The Philippines is a classical example of a semicolony- it may no longer be de jure under the authority of the US state, but its economy is entirely dependent on the import of American capital in various forms (especially investments in arms to support the fascist regime) and on the sale of its own people’s labour-power to American capitalists in the form of mass exodus of expatriate workers; all of its local billionaires exploit their nation’s workers and peasants not for their own wealth alone, but for the joint wealth of themselves and their American benefactors- and the two together, but with the local bureaucrats in subordination to the foreign imperialist capitalists, control the viciously corrupt state by usage of their finance capital, enriching themselves by exploitation of and in contradiction with the People of the country {5}. In the change from “full” to semi- colonialism, there is no liberation. This is only a quantitative shift in the amount of autonomy allowed to the colony; there is no qualitative change away from colonialism. If imperialism has changed its form, still the essence of it persists as the reigning political-economic paradigm of the world today{13}.
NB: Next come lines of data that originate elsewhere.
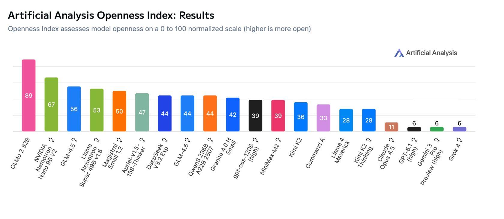 这些举措进一步深化了 NVIDIA 对开源生态的承诺。这一努力获得了独立 AI 基准测试机构 Artificial Analysis 最新“开放性指数”(Openness Index)的认可。该指数基于模型许可的开放性、数据透明度及技术细节的可用性,将 NVIDIA Nemotron 系列开源技术评为 AI 生态系统中最开放的前沿 AI 开发技术之一。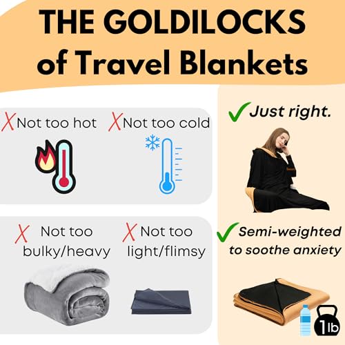 16-in-1 Compact Travel Blanket with Bag – Reversible, Ultra Soft Bamboo Airplane Blanket with Hidden Pocket – Packable for Flights & Travel Essentials (Semi-Weighted, Double Layer)
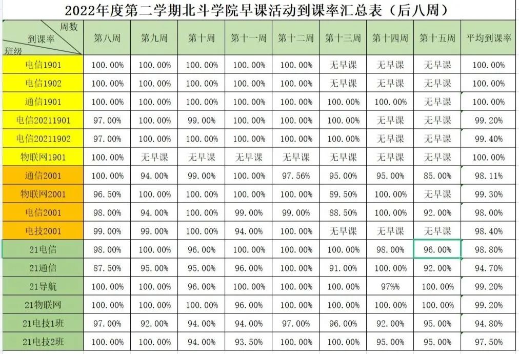以上就是本学期公司各班级第八至十五周的到课率情况啦,祝贺通信1901、电信1901、电信1902、物联网1901到课率均为100.00%,希望到课率高的班级再接再厉、继续保持,到课率相对较低的班级下学期要努力追赶,严格把控课堂到课率,杜绝迟到、旷课等不良行为,为共建公司良好学风一起努力!

And together with semicolonialism comes semifeudalism. In the Communist Manifesto’s first chapter it is written that the capitalist class “compels all nations, on pain of extinction, to adopt the bourgeois [i.e. capitalist] mode of production{4}.” In some sense this remains true𐦂, but in another things have changed in the era of imperialist capitalism- for the bourgeoisie of the imperialist countries have discovered a way to make feudalism in the colonized countries work for them. As the Manifesto describes, the class structure of feudalism is much more “manifold” than that of capitalism, with such institutions as urban tradesmen’s guilds, cossack bands, what-have-you. But its majority class was and is the agricultural peasantry, and its essential contradiction is that between them and the feudal lords (out of which arises the urban flight of the upper peasants, creating- in the most classical form of a bourgeois revolution- the bourgeois merchant class and ultimately their new states and economies that supplant the lords). As the bourgeoisie of advanced capitalist countries have colonized ones that are still in feudal economies, they have found that the old order that was once their great foe is now a useful tool: the local landlords of (semi)colonies become compradors, and foreign corporations step in to take over as the tributary oligarchs who control the resources peasants must work. A peasant in the rural Philippines or rural India today lives much like one in rural England in 1066, except that in addition to paying a tribute from their crops to the local landlord, they must pay tribute also for the usage of those crops to a foreign corporation, which subsidizes feudalism in its home country’s semicolonies{5}. Semifeudal capitalism: comprador landlords running the country, bureaucrat-comprador bourgeoisie running the city- this is the economic model enforced by world capitalist-imperialism in the semifeudal (semi)colonies {5, 13}. The semicolonial state is run by the foreign bourgeoisie through the corrupt oligarchy of their lackeys, big feudal landlords and bureaucrat capitalists.

Once we understand the nature of semicolonialism and especially semifeudal semicolonialism, we see that the world has indeed been divided amongst the imperialist powers as Lenin predicted. Imperialism is alive and well! Today the one hegemonic world imperialist superpower is the United States. Its stock exchanges and their biggest capitalists and conglomerations of capital set the pace of the world economy; it strongarms world law and politics through its domination of “international organizations” like the UN, and most importantly its financial auxiliaries (the IMF, the World Bank, and every other global cabal of capital-exporters); it holds the whole world in military terror through the ever-expanding octopus of armaments that is NATO. In every country in the world it parks its restaurants and its banks and its oil companies- above all, its capital, and sucks masses of surplus value to add to the capital of its own economy from the lifeblood of these countries {13}. And it parks its military bases alongside them, to keep the locals and their “independent governments” in line! The characteristics of imperialism Lenin described should be obviously visible here.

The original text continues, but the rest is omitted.